(Records from a data collection)
⟨

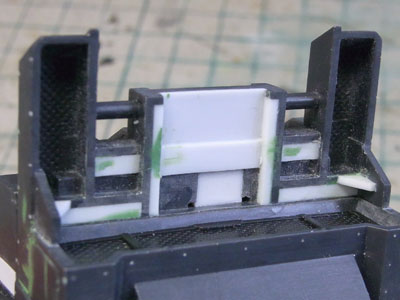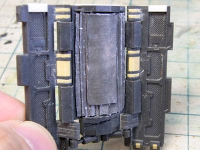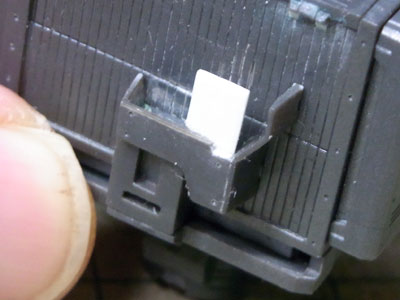 上部に肉抜きされている部分が露出しています。 なるべく重量増加は避けたいのですが、ここは目立ちそうなのでプラ板で塞いでいます。 |
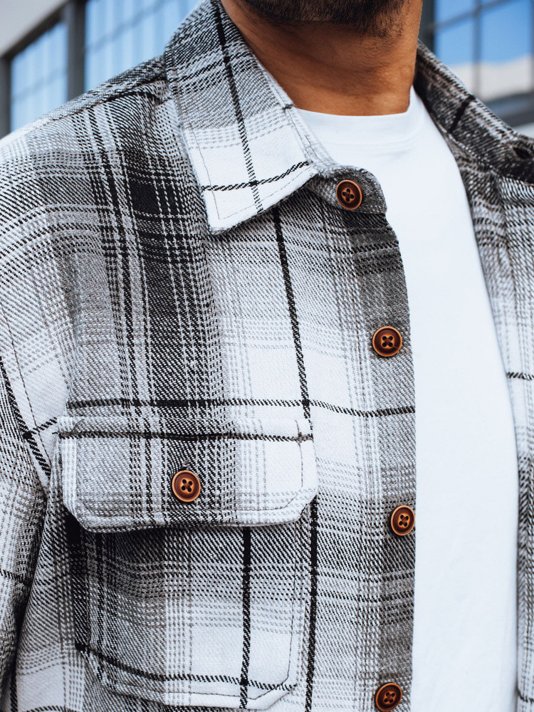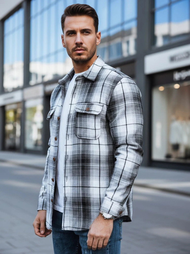 Pánská černobílá kostkovaná flanelová košile FashionStreet DX2677
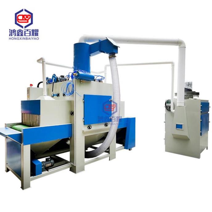 2. 工作流程:工件经输送系统匀速进入喷砂舱→PLC控制喷枪组(360°可调角度+自动摆动)喷射磨料→磨料冲击工件表面去除锈蚀/焊渣/毛刺→处理后工件随输送系统连续输出→残砂经回收系统分离复用→粉尘被除尘设备捕集,全程无需人工干预。
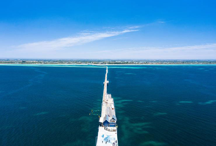巴瑟尔顿栈桥(Busselton Jetty)从玛格丽特河(Margaret River)地区海岸向印度洋方向延伸,全程 1.8 公里,它本身便是一道靓丽的风景线,而在栈桥之下,更是隐藏着更多宝藏。栈桥始建于 1865 年,100 多年来,淹没在水下的木质桥塔成为了生机勃勃的海洋生物的家园,现在,这个偶然形成的人造暗礁已有 300 多种生物栖息于此。有人在栈桥的末端刻意增置了大型水下雕塑,为野生动物提供了更多的家园,也为潜水爱好者的探险之旅提供了更多美轮美奂的景象。
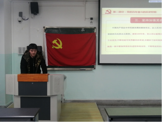 11月30日,数据科学员工党支部在1教405室开展主题为“党的百年奋斗重大成就和历史经验”的政治学习活动,由罗赵野同学担任主讲人。
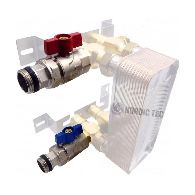 Si consiglia di installare una valvola a sfera da 3/4" prima di uno scambiatore di calore a piastre, poiché è naturalmente compatibile con la dimensione degli attacchi - in altre parole, se anche il nostro scambiatore di calore a piastre ha un filetto da 3/4". La valvola a sfera offre la migliore protezione in caso di guasto, come una rottura o una perdita, oppure in caso di necessità di manutenzione dello scambiatore (ad esempio la pulizia periodica dello scambiatore di calore).
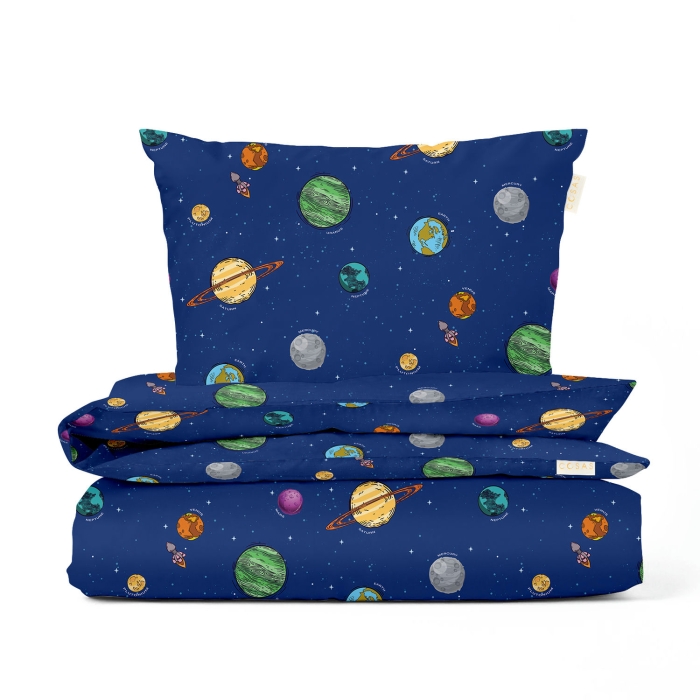 Тканина зберігає тепло, дає тілу можливість дихати. Постіль дитяча COSAS не викликає алергії, міцна і довговічна, добре переться і легко прасується.
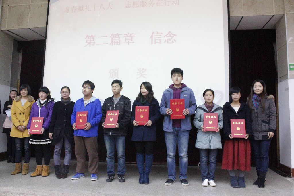 12月5日晚7点,2012年志愿者宣誓大会暨志愿服务文化月成果汇报会在文潭楼邓希堂举行。太阳成官网志愿者协会副会长郭鹏带领志协干事参加大会,大会上太阳成官网志协荣获“最美志愿服务团队”光荣称号。
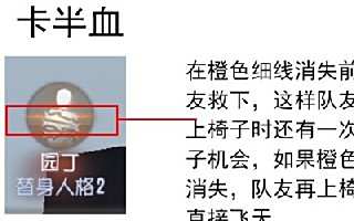 卡半/卡死:队友上椅子之后在右上角图标红线前把队友救下来即为卡半,队友上椅子之后右上角图标血条几乎读满但在飞天前把队友救下来即为卡死。

⟩

An exact transcription is needed, covering the line with "12月5日晚7点,2012年" and every line after it to the end of the entries, but not the pictures.

[TASK OUTPUT]:
 12月5日晚7点,2012年志愿者宣誓大会暨志愿服务文化月成果汇报会在文潭楼邓希堂举行。太阳成官网志愿者协会副会长郭鹏带领志协干事参加大会,大会上太阳成官网志协荣获“最美志愿服务团队”光荣称号。
 卡半/卡死:队友上椅子之后在右上角图标红线前把队友救下来即为卡半,队友上椅子之后右上角图标血条几乎读满但在飞天前把队友救下来即为卡死。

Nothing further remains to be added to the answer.